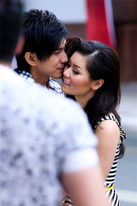 | Đan Trường liên tục dành cho vợ những cử chỉ tình tứ như hôn nhẹ lên má hoặc tóc trong lúc cùng đi mua sắm. Thủy Tiên cũng rất dịu dàng nép mình trong vòng tay ông xã. Nữ doanh nhân Việt kiều từng thẳng thắn chia sẻ hy vọng các fan của chồng sẽ đón nhận mình với tư cách một người chị, một người bạn mới. |
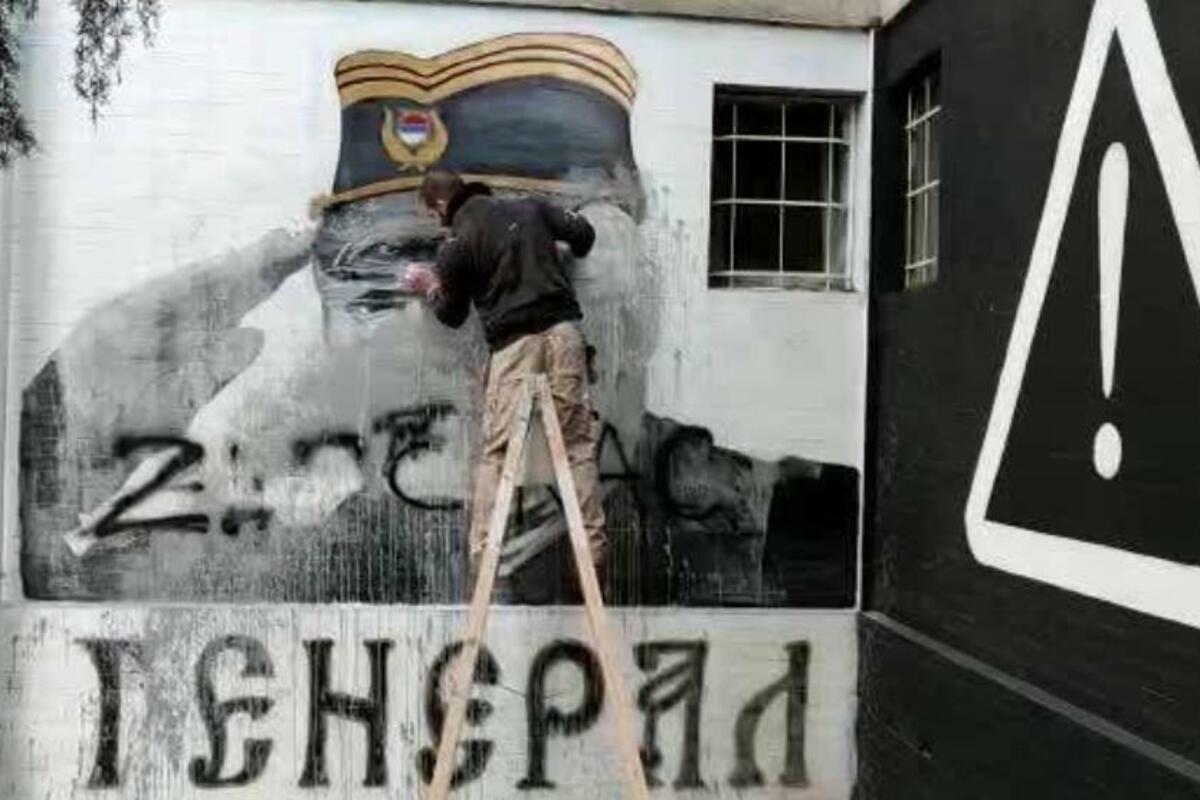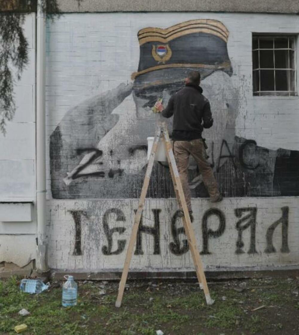 UNIŠTEN JOŠ JEDAN MURAL RATKU MLADIĆU: Ižvrljan i GRAFIT na Novom Beogradu, ispisano "ZLOČINAC" (FOTO)
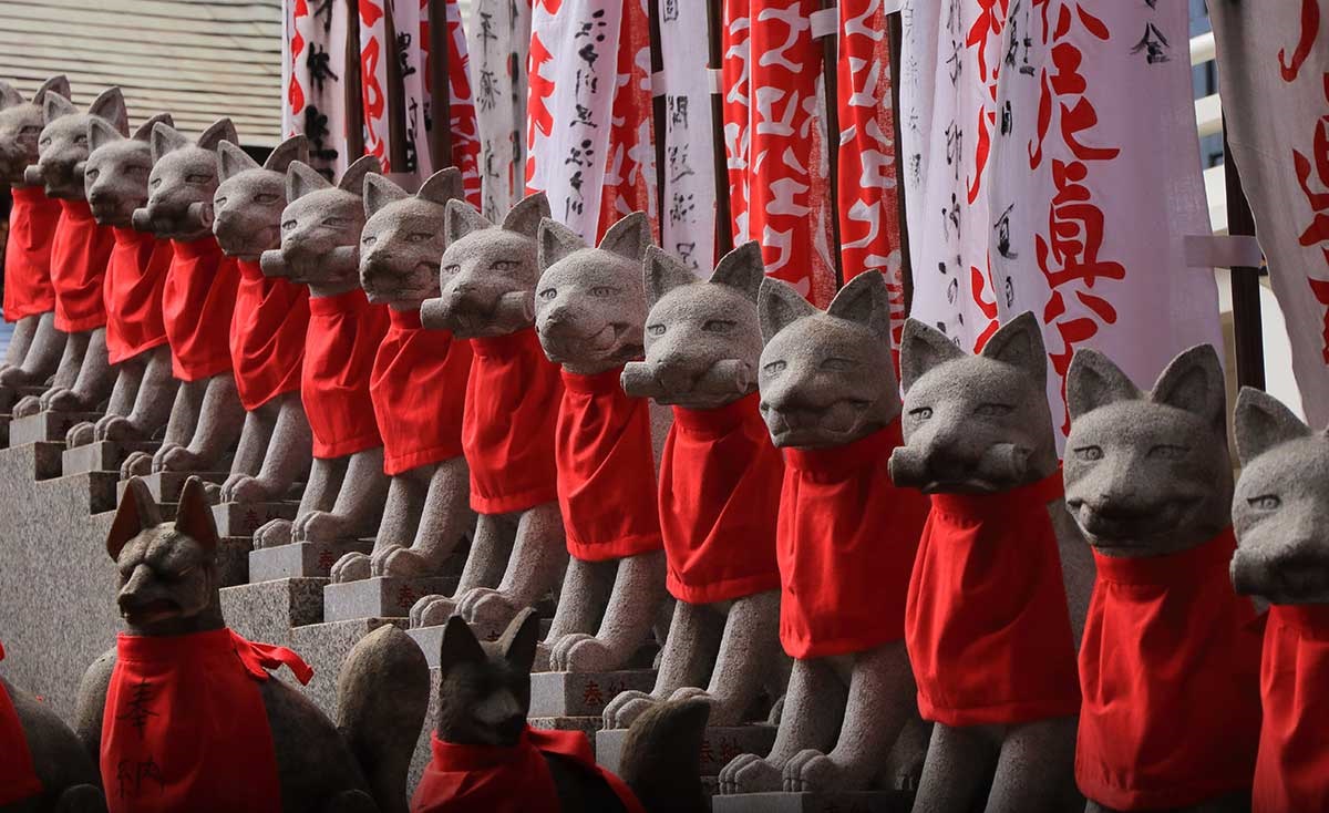 Được xây dựng vào năm 1951 ở Kawasaki, nơi gần trung tâm thành phố Tokyo nhất. Keihin Fushimi Inari cực kỳ độc đáo với những bức tượng cáo Inari với nhiều màu sắc khác nhau, 108 bức tượng tại đây đại diện cho 108 cám dỗ trần thế theo giáo lý Phật giáo. Mỗi con cáo đều có một biểu cảm khác nhau và là nét đặc trưng thú vị mà bạn chỉ có thể tìm thấy khi đến đây.

# Action item
Repeat the data verbatim through the "UNIŠTEN JOŠ JEDAN" line, no pictures.

# Output
 | Đan Trường liên tục dành cho vợ những cử chỉ tình tứ như hôn nhẹ lên má hoặc tóc trong lúc cùng đi mua sắm. Thủy Tiên cũng rất dịu dàng nép mình trong vòng tay ông xã. Nữ doanh nhân Việt kiều từng thẳng thắn chia sẻ hy vọng các fan của chồng sẽ đón nhận mình với tư cách một người chị, một người bạn mới. |
 UNIŠTEN JOŠ JEDAN MURAL RATKU MLADIĆU: Ižvrljan i GRAFIT na Novom Beogradu, ispisano "ZLOČINAC" (FOTO)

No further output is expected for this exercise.